Serve uno sguardo condiviso per attuare riforme che siano a lungo termine. Uno sguardo che torni a rispettare e rendere vivi i principi di uguaglianza e pari opportunità espressi con chiarezza nella Costituzione.

Tutte le riforme e le azioni di cambiamento da realizzare devono allora assumere il punto di vista delle donne, mirando ad un’uguaglianza di genere fondata sul riconoscimento e la valorizzazione delle differenze. Sappiamo ormai bene che lì dove le donne sono messe in condizione di giocare alla pari, non hanno difficoltà ad affermarsi e per questo bisogna lavorare, a livello nazionale, locale ed europeo.

Sono proprio le donne, insieme ai giovani, il soggetto più titolato a diventare protagonista del cambiamento e dell’innovazione poiché portano un punto di vista sulle cose che unisce senso pratico e creatività. Ed è proprio dal lavoro che deve iniziare il cambiamento, superando le difficoltà e le resistenze che rendono duro per le donne conciliare l’impegno professionale con la vita privata, la maternità e la famiglia. Troppo spesso, sul lavoro, quando si tratta di scegliere senza selezione di merito prevalgono gli uomini. Questa è una contraddizione inaccettabile che denota arretratezza culturale. Puntare sulle donne e valorizzare il capitale femminile aiuta non solo le donne ma la costruzione di un futuro positivo e credibile per tutta l’Italia.

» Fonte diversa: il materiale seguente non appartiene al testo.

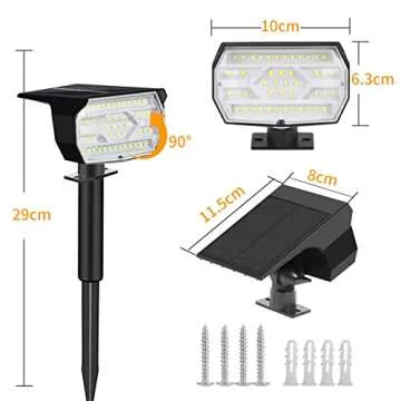 Show moreIlluminate your outdoor spaces with the revolutionary ZEEQII Solar Spot Lights Outdoor, featuring a powerful array of 46 LEDs designed to bring vibrant light to your garden, yard, driveway, and pathways. With a 90° adjustable solar panel, these lights are engineered to maximize sunlight absorption, ensuring your outdoor areas are bright all night long. Experience the perfect blend of functionality and design that not only enhances security but also beautifies your outdoor living spaces.

In quanto convinti europeisti, dobbiamo batterci per un’Europa della crescita, dell’uguaglianza, dei diritti delle persone, del benessere. Anche per questo ho presentato il Ddl S. 1224 modifiche alla legge 24 gennaio 1979, n. 18, per la promozione dell’equilibrio di genere nella rappresentanza politica alle elezioni per il Parlamento europeo. È questo l’unico spazio, sia in termini economici che valoriali, su cui l’Ue può tornare ad essere competitiva e diventare di nuovo un modello di sviluppo sociale e sostenibile.